10/05/2015

Giselle, ma belle

Fui ver ballet. Giselle. Mesmo que não conhecesse já a história, o médico da cabeçada na parede armou-se em spoiler e, enquanto eu marrava nos muros dele, contou-ma toda, tim-tim por tim-tim. Maneiras que cheguei lá cheia de descuriosidade.

Foi no Teatro Camões. Nunca lá tinha entrado, mas é giro. Ia munida de uma bailarina, que gosta tanto de azul como eu, mas detestou o edifício. Eu gostei, lembrou-me os legos que não fiz (eu era mais bonecas, a outra é que se punha nessa das construções). Mal lá cheguei, avistei o Paulo Pires, pelo que fiquei com a sensação que já me podia ir embora, uma vez que o espectáculo estava mais que visto. Melhor do que aquilo, impossível. No entanto, sentei-me.
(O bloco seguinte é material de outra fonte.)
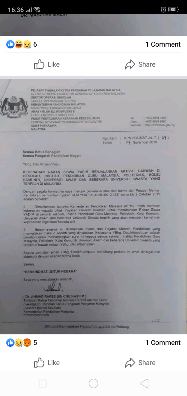 .MORE ISLAMIZATION/DAKWAH IN OUR EDUCATIONAL INSTITUTIONS??These were forwarded to me and I am appalled to see these instructions coming from the Ministry of Education.It is unbecoming for the state to allow this in our educational institutions. Currently, some schools dont even allow non-Muslims to have their religious societies like Christian and Buddhist. This is really taking the cake. I really think Ministry of Education should be changed to Arabic Ministry of Education or Ministry of Dakwah.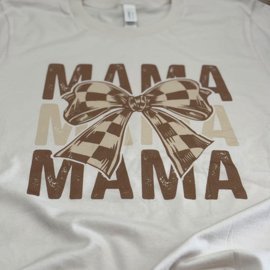 Mama Brown Checkered Bow T-Shirt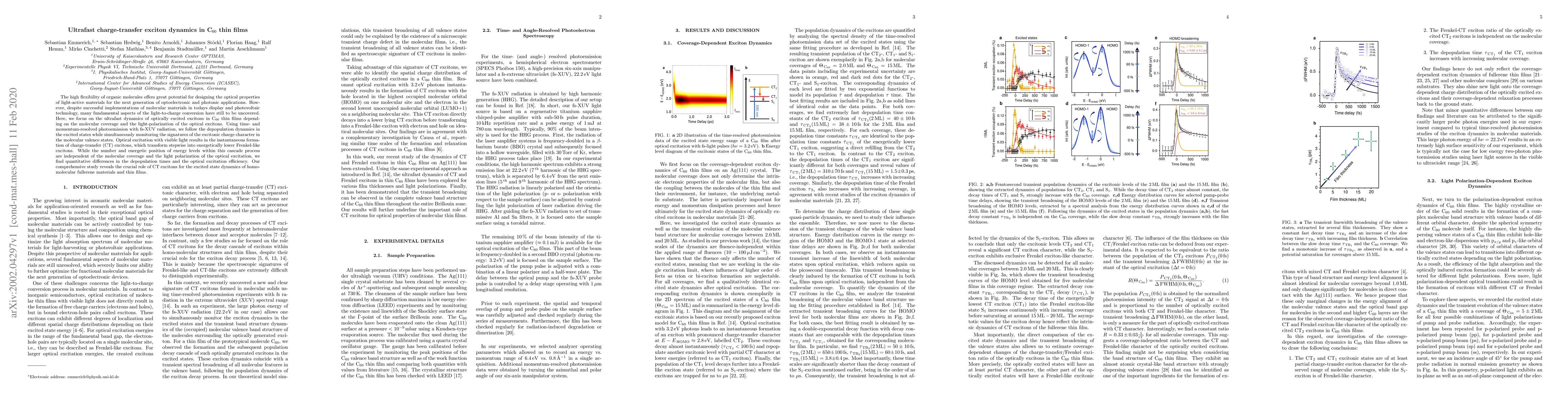 Researchers studied ultrafast charge-transfer exciton dynamics in C60 thin films, finding that optical excitation creates charge-transfer excitons that transform into energetically lower Frenkel-like excitons, with differences in depopulation times and efficiency depending on molecular coverage and light polarization.

Ficámos na primeira fila, que é tipo a piltra, da visibilidade reduzida (é que são mais baratos, não sei se deu para perceber), mas vimos tudo na mesma. E ficámos com a orquestra mesmo à nossa frente. Eu, pessoalmente, fiquei com o rapaz dos drums diante de mim, o que me fez esquecer imediatamente o Paulo Pires e também o conceito de visibilidade reduzida. De entre outras coisas, aprendi que os tambores ganham cheiro, à medida que são utilizados por aqueles pauzinhos com bolas nas pontas — e ele usava-as aos pares —, porque o tamborileiro cheirava-os de onde em onde. Também me chegou o cheiro ao nariz, ponderei mesmo a possibilidade de lhe oferecer ajuda com o meu minúsculo, porém prestimoso, não fora estar ainda entupida dos plátanos e arriscar deslargar um nico de ranha nhanhosa para cima dos tambores dele.

Foi pela nossa Companhia Nacional de Bailado e, para quem já viu mais ballet ao vivo do que taekwondo (não me lembrei de melhor comparação, tá?), estes são mesmo bons. Nem um passo em falso, nem um deslize, nem uma queda. O corpo é composto por trinta pessoas, assim como a orquestra. Nem uma nota ao lado, de uns ou de outros. Achei eu, que não pesco nada daquilo. Mas a bailarina que me acompanhou esclareceu-me que não se devem ouvir os passos de pontas das bailarinas (e ouviam-se, quando a orquestra não estava a tocar), que são os chamados cascos de cavalo, lá para elas. Por mim, até podiam ter relinchado, que eu achava bonito na mesma.

O querido da Giselle (Albrecht, o nobre) é um bailarino japonês, o que me baralhou deveras, pois quase me transportou para Madame Butterfly. O outro campónio, que também gosta dela, mascarou-se de Robin Hood, mas, fora esses pormenores de somenos, que se prendem mais com a minha desatenção do que com erros de casting, esteve tudo perfeito. Nunca fui muito à bola com a malha dos bailarinos homens, acho que era de bom tom porem ali qualquer coisa a disfarçar as coisinhas (uma coquilha anatómica, como nos desportos de combate, uma mini-saia, um aventalinho...), fica ali uma proeminência concupiscente que desfoca a pessoa do bailado e assim. 
Na segunda parte, também perdi a Giselle, porque, como estão todos mortos, e ela anda para lá vestida de igual às outras dezanove noivas enganadas, todas iguais, deixei de perceber qual era ela, mesmo andando a dançar com o japonês. Ainda me fez lembrar O Noivado do Sepulcro (sou demasiado culta, tudo me evoca tudo). E também não percebi como é que ela morre, para poupar da morte o amado, se já está morta, e se de morta já não passa. Hei-de telefonar ao Théophile Gautier. Aproveito para lhe dizer que gostei muito.